Ray Benson seems an unlikely character to have created the soulful Western Swing outfit Asleep at the Wheel, a band which took its lead from the sound of Bob Wills and His Texas Playboys as well as sweet Southern soul.

Singer-guitarist Philadelphia-raised Benson – now in his late 60s-- is Jewish and founded Asleep at the Wheel half a century ago in West Virginia with pedal steel guitarist Reuben Gosfield (aka Lucky Oceans).

By the time they moved to Austin, Texas – their natural home – they'd opened for Alice Cooper which seems as about as much a mis-matched for their sophisticated country swing as you can imagine.

It was Willie Nelson who suggested the move to Austin, and after that the band – with a regular parade of members – never looked back: nine Grammys, almost two dozen albums and shows which sometimes saw Benson (the sole constant) literally pulling from his bag of tricks for entertaining magic interludes.

They've never enjoyed much success by way of chart hits or best-selling albums, but they have had critical acclaim in the least expected places.

Their excellent Collision Course album of '78 had praise heaped on it by Max Bell in NME at the time of New Wave, punk and Devo.

The headline read Out Go Androids in Overalls In Come Men in Silly Hats.

81o1nwPXG0L._SS500_Bell said Collision Course was “their most precisely crafted set to date” (which implies he'd heard at least some of their previous half dozen albums), that “variety and coherence go hand in hand” on the album and that “The Wheel encourage a grin bigger than the Lone Star state”.

Melody Maker at the same time said “if you haven't got the message that Asleep at the Wheel are a magnificent band then this album shouts it good and loud”.

It is indeed an exceptional album which opens with the lazy back porch languor of Pipe Dreams (pedal steel, horns, fiddle) and ends 40 minutes later with guitarist Leroy Preston's Ghost Dancer about a young contemporary Apache on the res finding meaning in his ancestry and the ancient spirit dance of defiance.

Between times there is slippery swing with pedal steel (Song of the Wanderer), the hypnotic Cajun sound of Nathan Abshire's Pine Grove Blues with accordion, Count Basie's One O'Clock Jump which fits in seamlessly with clarinet and pedal steel, then a turn towards the South in a fine treatment of Randy Newman's Louisiana 1927 with Benson's strong oak-cured vocal, Benson's dreamy, gorgeously romantic original Texas You and Me and singer Chris O'Connell stepping out for the classic New Orleans ballad Ruler of My Heart (written by Allen Toussaint and made famous by Irma Thomas).

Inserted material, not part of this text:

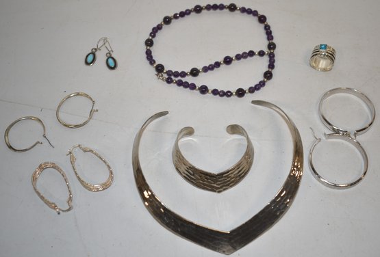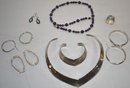 LOT OF VINTAGE STERLING JEWELRY NECKLACES (1W/ AMYTHYST), EARINGS, BRACELETS ETC - ONE MARKED STERLING OR .925 - IMPERFECTIONS

And to bring home the many interlocking references there's Don't Forget the Trains and Louis Jordan's jump jive/country swing of Ain't Nobody Here But Us Chickens before Ghost Dance.

This is a join-the-dots of Southern music to create a picture of something between country, western and soul.

As Max Bell noted, “whoever called the shots on the choice of material and the track order deserves a crate of Coors for organisational competence”.

When thinking about Asleep at the Wheel to consider I pulled out one of the four I have on record at random.

It was this, by good fortune my favourite Wheel album.

Give it time and it could be yours too.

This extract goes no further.